**Goal of the exercise**. Please, without any pictures, transcribe the lines from the one holding "CHRISTIAN DIOR - BOUTIQUE" to the end of the listing, both ends included.
---
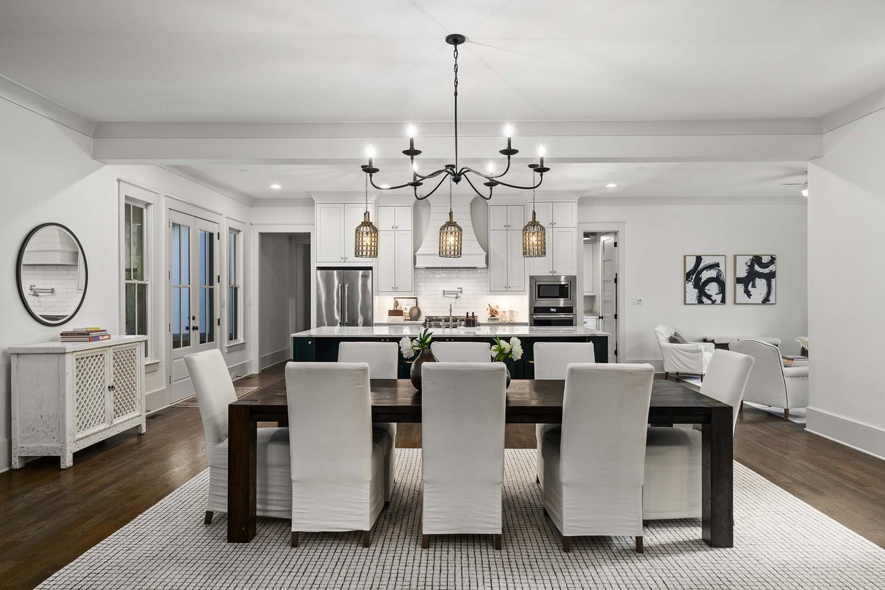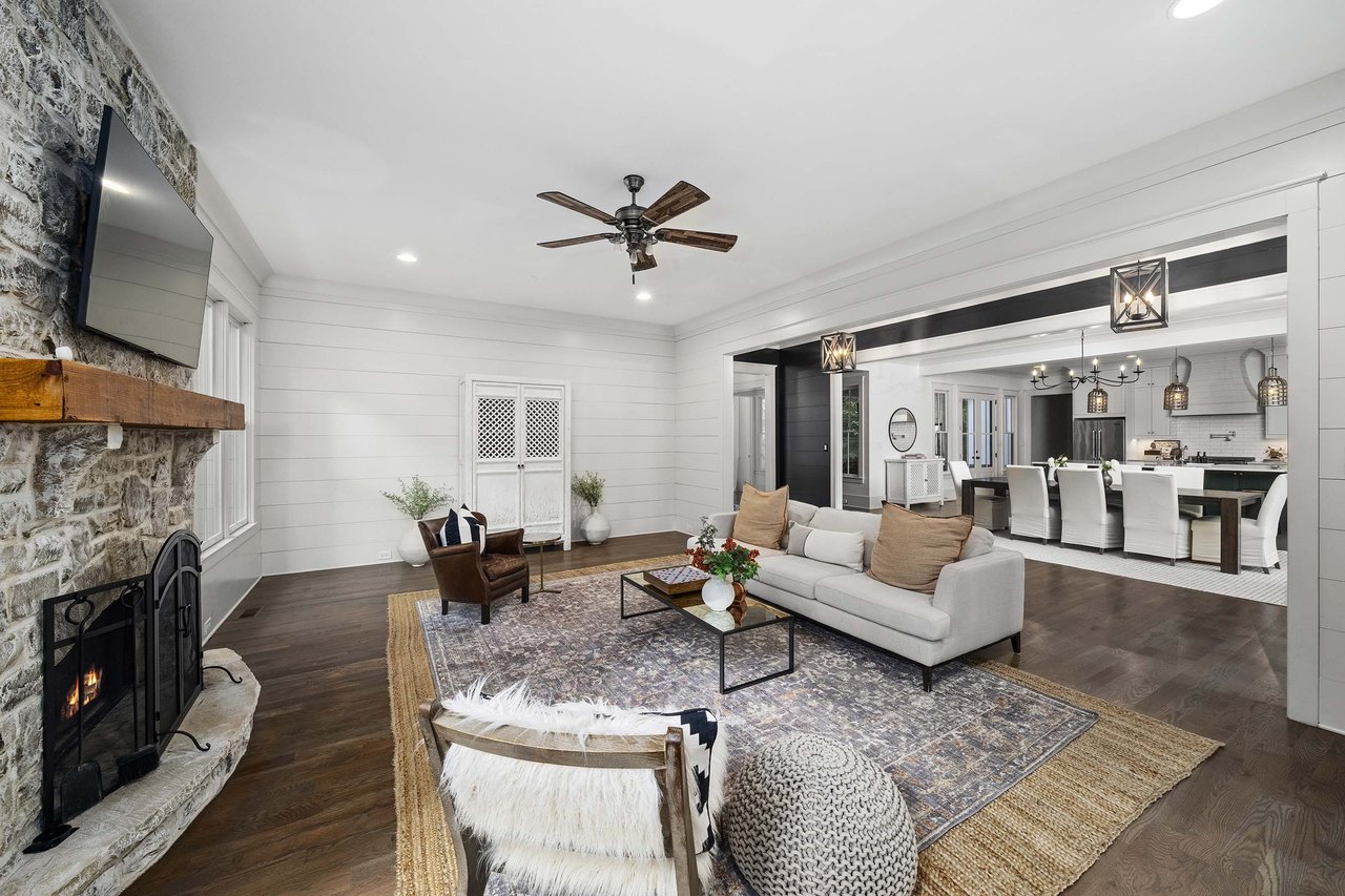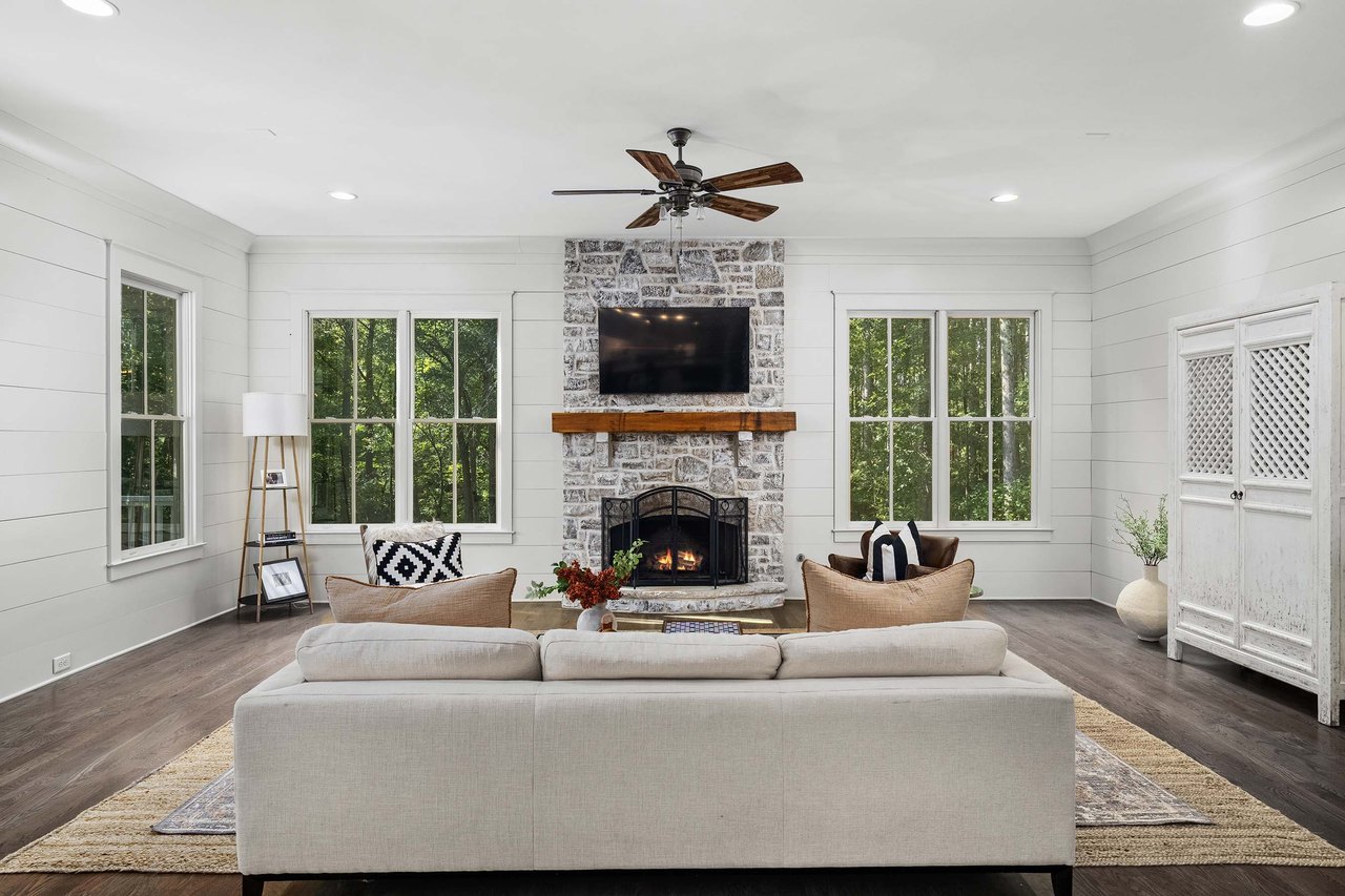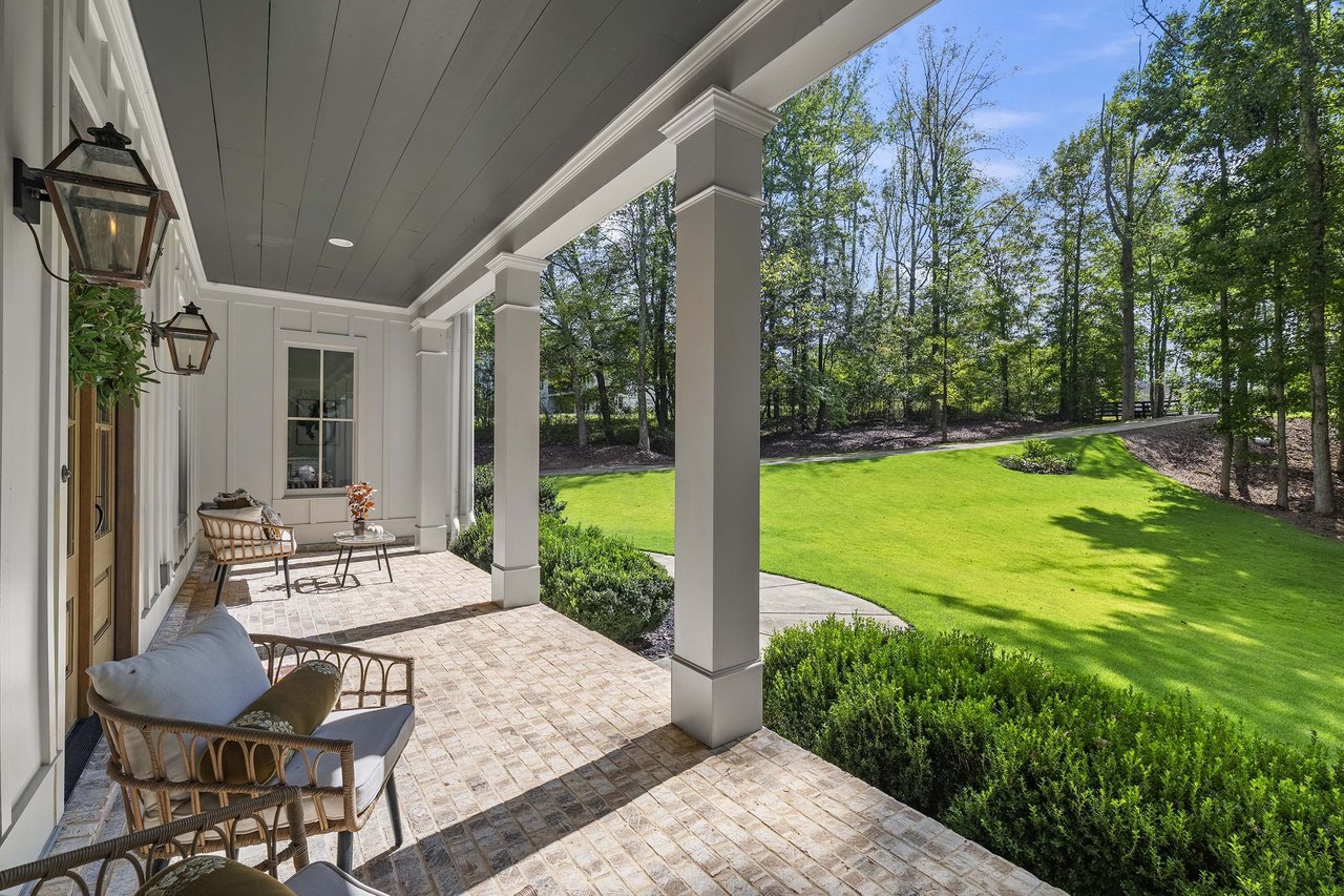 Tucked away on a private cul-de-sac in Long Shadows, one of Alpharettas most picturesque equestrian enclaves, this modern farmhouse blends timeless architecture with modern comfort on 1.85 acres. A covered front porch with a metal roof and board-and-batten siding welcomes guests inside, where double doors open to an airy floor plan filled with natural light and thoughtful design. The main level offers effortless living and entertaining. A fireside living room accented by a shiplap wall flows seamlessly off the foyer, as does the inviting dining room. The dark hardwood floors continue from the dining room into the chefs kitchen, which is appointed with double-stacked custom cabinetry, stainless steel appliances and an oversized island with seating. A walk-in pantry with built-in cabinetry and additional counterspace provides abundant storage, while a cozy sitting area just beyond the kitchen creates the perfect space for casual gatherings. Double French doors lead to a covered brick porch, ideal for grilling, dining al fresco or relaxing with views of the fenced backyard. The primary suite is a private retreat with cathedral ceilings, abundant natural light and barn doors that reveal a spa-inspired bathroom. Here, marble-topped vanities, a clawfoot bathtub crowned by a crystal chandelier and a Carrara marble shower with a bench, product niche and a seamless glass door set a serene tone. An office and a convenient main-level laundry complete this floor. The hardwood floors continue upstairs throughout a large landingperfect for homework or movie nights. Three spacious bedrooms, each with an en suite bathroom, are joined by a generous playroom and a second laundry room with cabinetry, a sink and hanging space. The finished terrace level extends the homes versatility with a very spacious recreation room, two additional bedrooms, a full bathroom and a gym. Outdoor living is just as inviting, with a covered back porch featuring a dining area, television hookup, grilling area and a pavered patio with a hot tub overlooking the grassy play yard. The three-car garage and 1.85-acre lot offer both practicality and privacy. Adding to the unique lifestyle of Long Shadows, Dreamland Farm at the end of the street offers horseback riding lessons and boarding, further enhancing the community’s equestrian charm and appeal. Located in Cherokee County with an Alpharetta address, this exceptional property enjoys the advantage of lower Cherokee taxes while being zoned to top-rated Avery Elementary and Creekview High Schools. This is a rare opportunity to enjoy refined farmhouse living with abundant space, enduring style and a coveted location close to downtown Canton, Woodstock, Roswell, Alpharetta, Crabapple Market and Avalon.
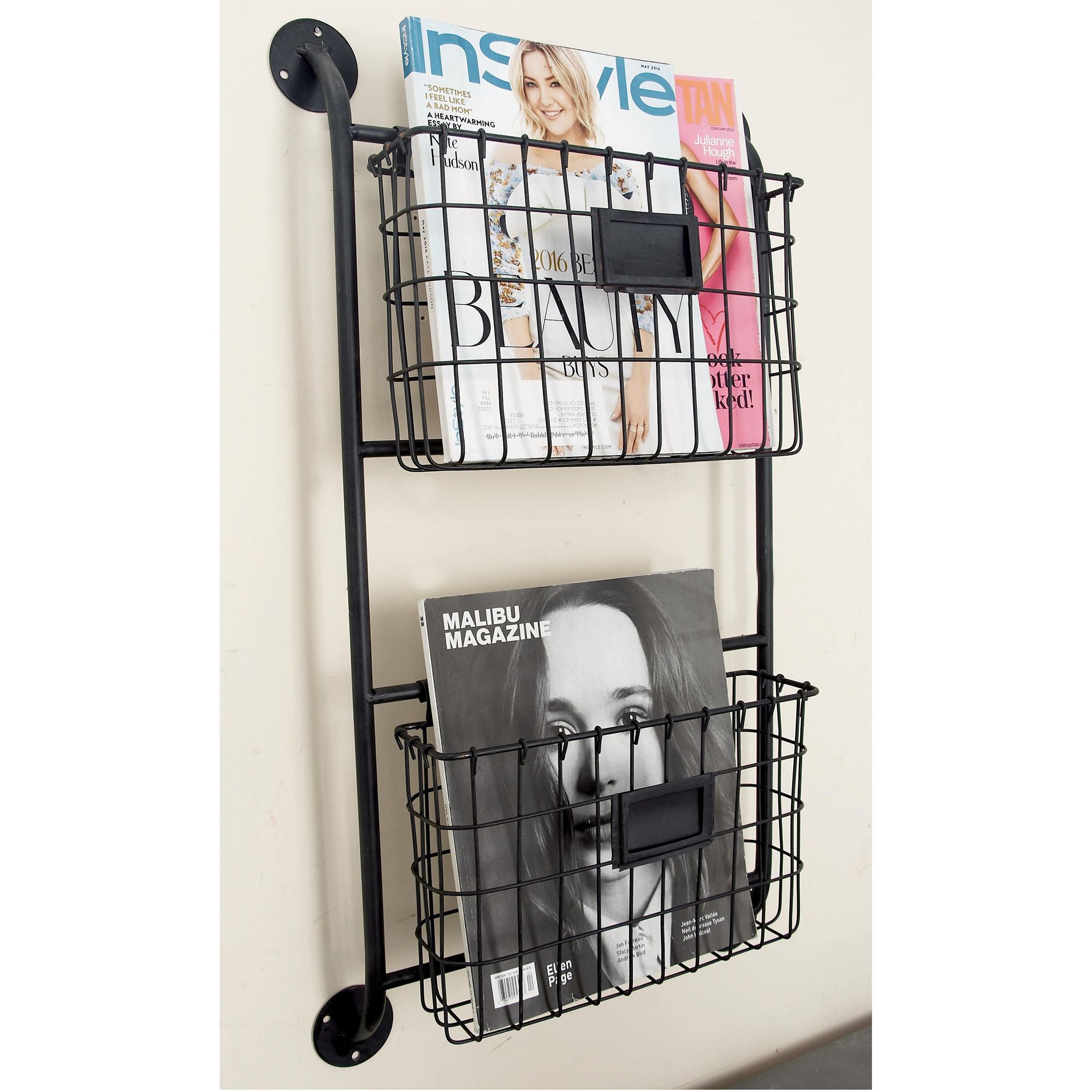 Black Metal Industrial Magazine Rack Holder, 16" x 3" x 28"
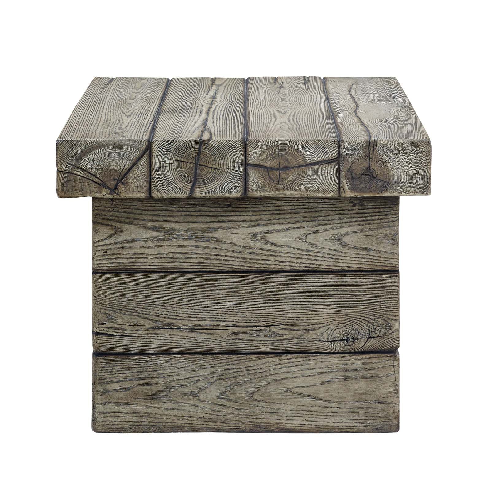 Capture a lakeside or cabin setting with the Manteo Outdoor Patio Side End Table. Solid magnesium oxide molding coated with a simulated driftwood finish create a stylish and sturdy patio side table. Enjoy your outdoor leisure time with this versatile end table for your backyard, deck, lake house, patio, poolside, or porch. Equipped with non-marking foot caps, this outdoor side table will update your patio decor with a rustic modern feel. Set Includes: One - Manteo Rustic Coastal Side Table
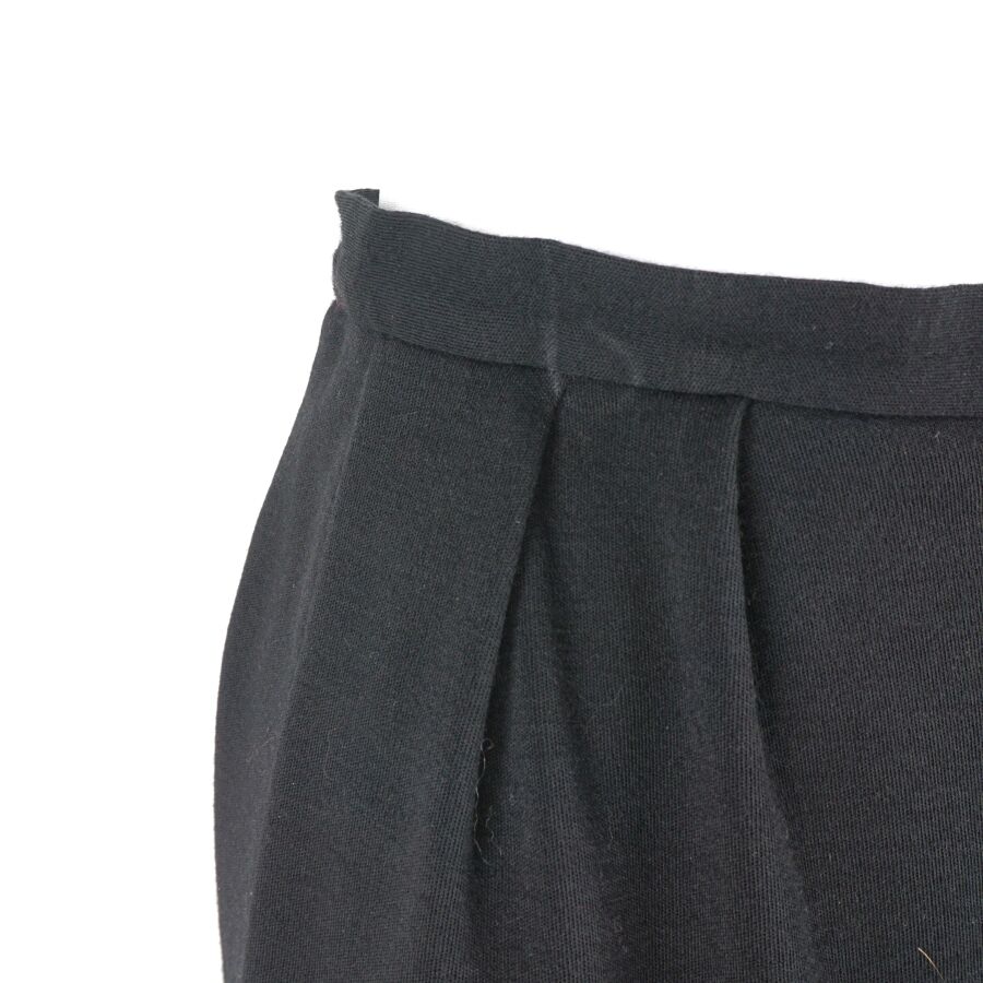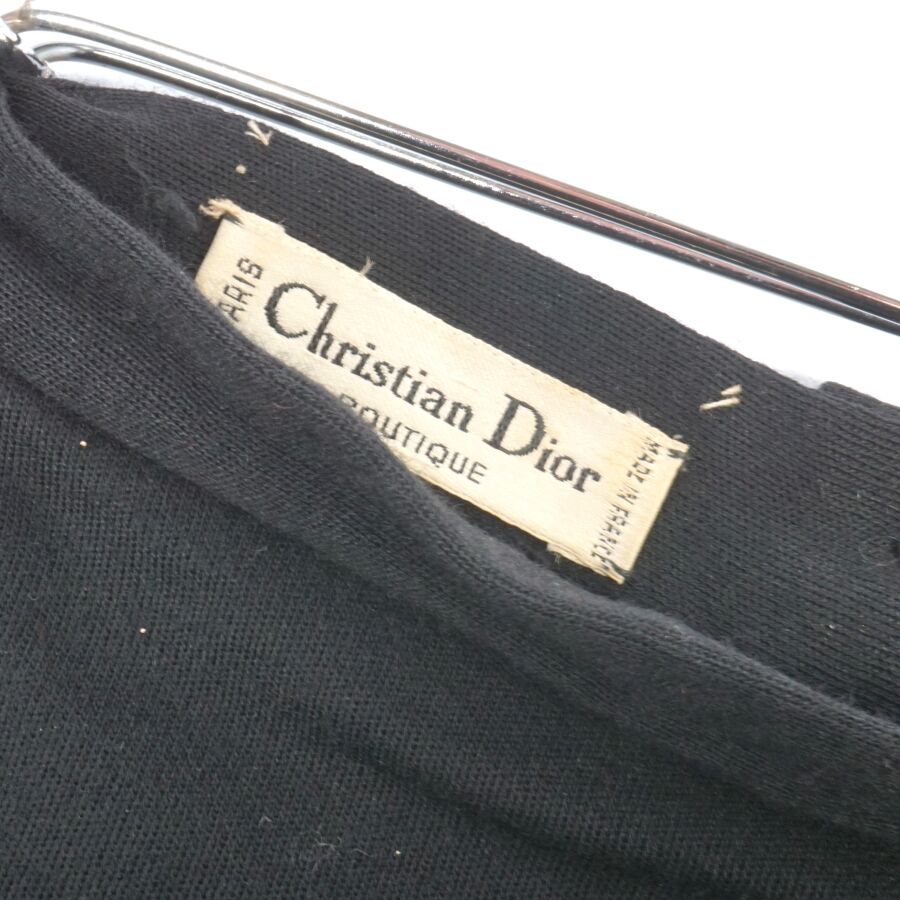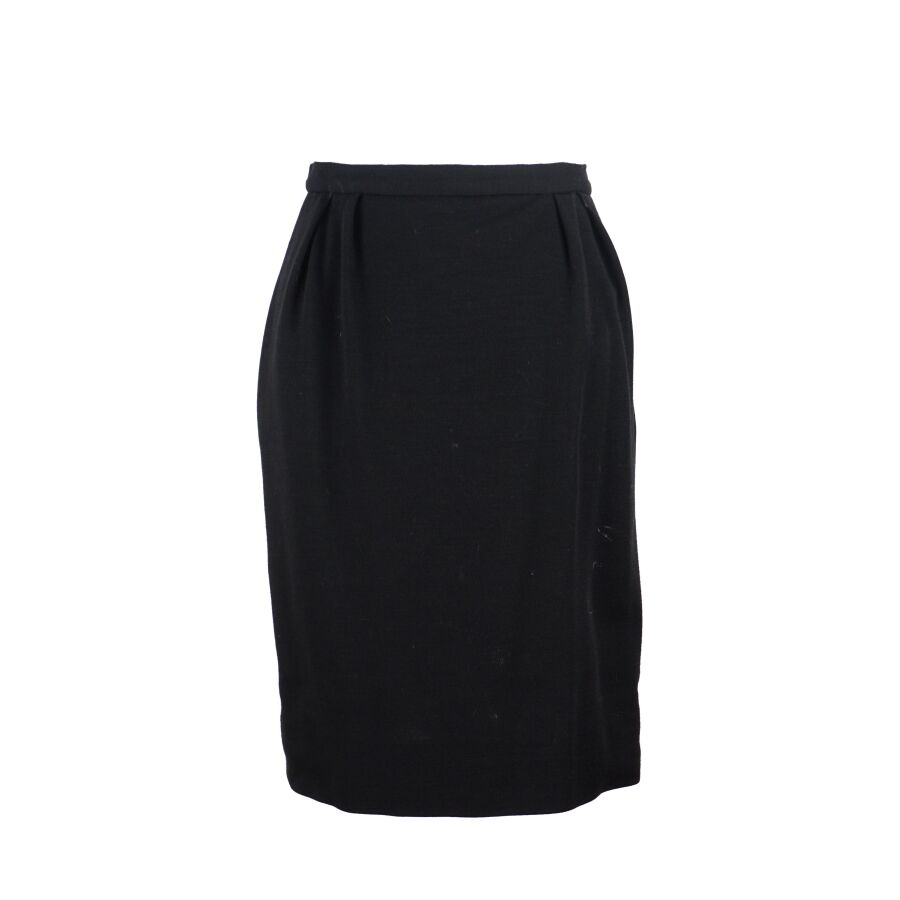 CHRISTIAN DIOR - BOUTIQUE : Jupe droite en laine de couleur noire, fermeture zippée à la taille et bouton, doublure en soie noire, deux poches latérales, étiquette intérieure, L. 56.5 cm. Larg. Taille : 35 cm (petits trous, quelques traces).
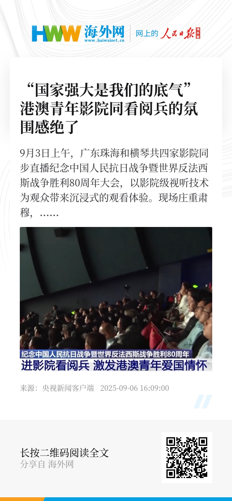 近百名港澳青年共同观看。他们纷纷表示,深受震撼与鼓舞,不仅感受到国家实力的日益强大,也更坚定了融入大湾区建设、贡献家国的信念与决心。
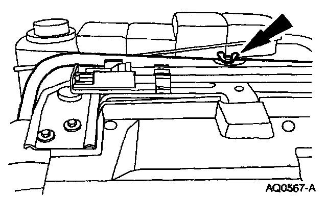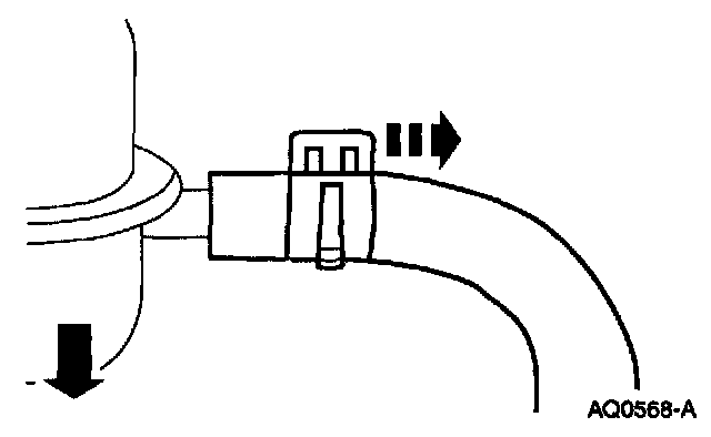 5. Squeeze the clamp and remove the degas bottle supply hose.
---
**Answer box**.
 CHRISTIAN DIOR - BOUTIQUE : Jupe droite en laine de couleur noire, fermeture zippée à la taille et bouton, doublure en soie noire, deux poches latérales, étiquette intérieure, L. 56.5 cm. Larg. Taille : 35 cm (petits trous, quelques traces).
 近百名港澳青年共同观看。他们纷纷表示,深受震撼与鼓舞,不仅感受到国家实力的日益强大,也更坚定了融入大湾区建设、贡献家国的信念与决心。
 5. Squeeze the clamp and remove the degas bottle supply hose.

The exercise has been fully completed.